In the absence of a framework with which to establish risk-based priorities for interventions, other criteria must be implemented. The first line of defense should be composed of relatively simple and inexpensive interventions that reduce the exposure of susceptible humans to environmental pathogens. These interventions should be consistent with the ecology of the organisms. Uncomplicated, proactive approaches are often much more effective than interventions that involve monitoring and response. For example, the prevalence of L. pneumoniae could be effectively reduced in many water systems by initiating a heating routine, a much simpler approach than water sampling, analysis, and treatment. If such straightforward methods fail to sufficiently protect human health, then the next set of interventions should be aimed toward reducing existing practices that encourage the proliferation of pathogens or encourage contact with the pathogens. For example, in certain cases agricultural practices could be altered to prevent the growth or spread of pathogens to nearby residents or consumers. Alternatively, susceptible people could be encouraged to modify their behaviors and daily routines during times in which these agricultural practices are going on.

Once an intervention is devised and ready for implementation, surveillance needs to be carried out to determine the burden of disease before and after execution of the new measures.

Controlling Exposure

Controlling exposure to environmental pathogens can reduce infections under some conditions, and it may be the only line of defense available against pathogens such as viruses that do not lend themselves to antimicrobial therapy. However, the full consequences of exposure controls are not currently known and are impossible to predict. For example, natural exposure to environmental mycobacteria, some of which cause disease in susceptible people, is thought to impact the immune systems of susceptible and non-susceptible people alike. It is possible that such exposure confers some level of resistance to infection by the related professional human pathogen, Mycobacterium tuberculosis. Thus, wholesale exclusion of such organisms from human exposure could have favorable or unfavorable consequences on human health. More study is needed to adequately describe human responses to environmental microorganisms and their products, like endotoxins. Human responses such as immunity development and tolerance, the acquisition of specific and heterologous immunity, and the development of hypersensitivity and autoimmunity all need to be more fully characterized.
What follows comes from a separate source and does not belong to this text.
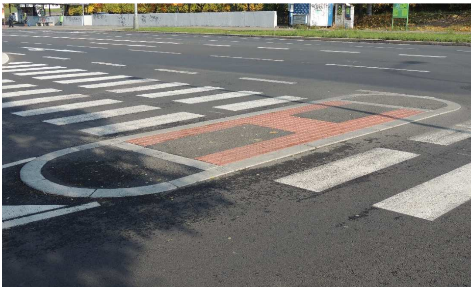
Obrázek 3: Pojízditelný dělicí ostrůvek na křižovatce Československého exilu x Povodňová

f) Chorvatská – Ruská - úsek je průjezdný bez problémů i 12 m autobusem, proto zde zkušební jízda již neproběhla

Efforts to control exposure can also have adverse effects on the environment. The use of ozone in disinfecting municipal effluent, for example, can break down dissolved organic materials into compounds that feed microbial blooms in receiving waters. In light of the unknowns about the effects of reducing exposure to environmental microbes, indiscriminate application of non-scientifically based control procedures is not acceptable.

New Drugs for Combating Environmental Pathogens

For many environmental infections, control at the level of exposure is not practical or cost effective, and antimicrobial therapy is the most feasible line of defense. Unfortunately, many existing antibiotics that are effective against well-known pathogens are less so against their environmental cousins. For example, drugs used to treat tuberculosis are not effective against environmental mycobacteria. New antibiotics targeted at treatment-refractory environmental pathogens are badly needed. In many cases, this will require new information about the basic biology of these organisms. Such information can be used to aim antibiotics at individual environmental microbes based on their unique properties.

Vaccines

There is considerable expense involved in developing vaccines; studies of efficacy and safety must be carried out in large populations of volunteers, requiring tremendous commitment of time and resources. Because of these costs, other routes of prevention, including exposure prevention and disease treatment, should be thoroughly explored first to lower the incidence of disease. However, certain criteria favor vaccine development as an effective strategy. These include:

• When risk analysis concludes that the incidence and severity of the disease are sufficiently taxing on human life and productivity to justify the investment, or
• When few or no treatment options are available for the disease, or
• When special subpopulations are at high risk from the disease and would benefit significantly from a vaccine.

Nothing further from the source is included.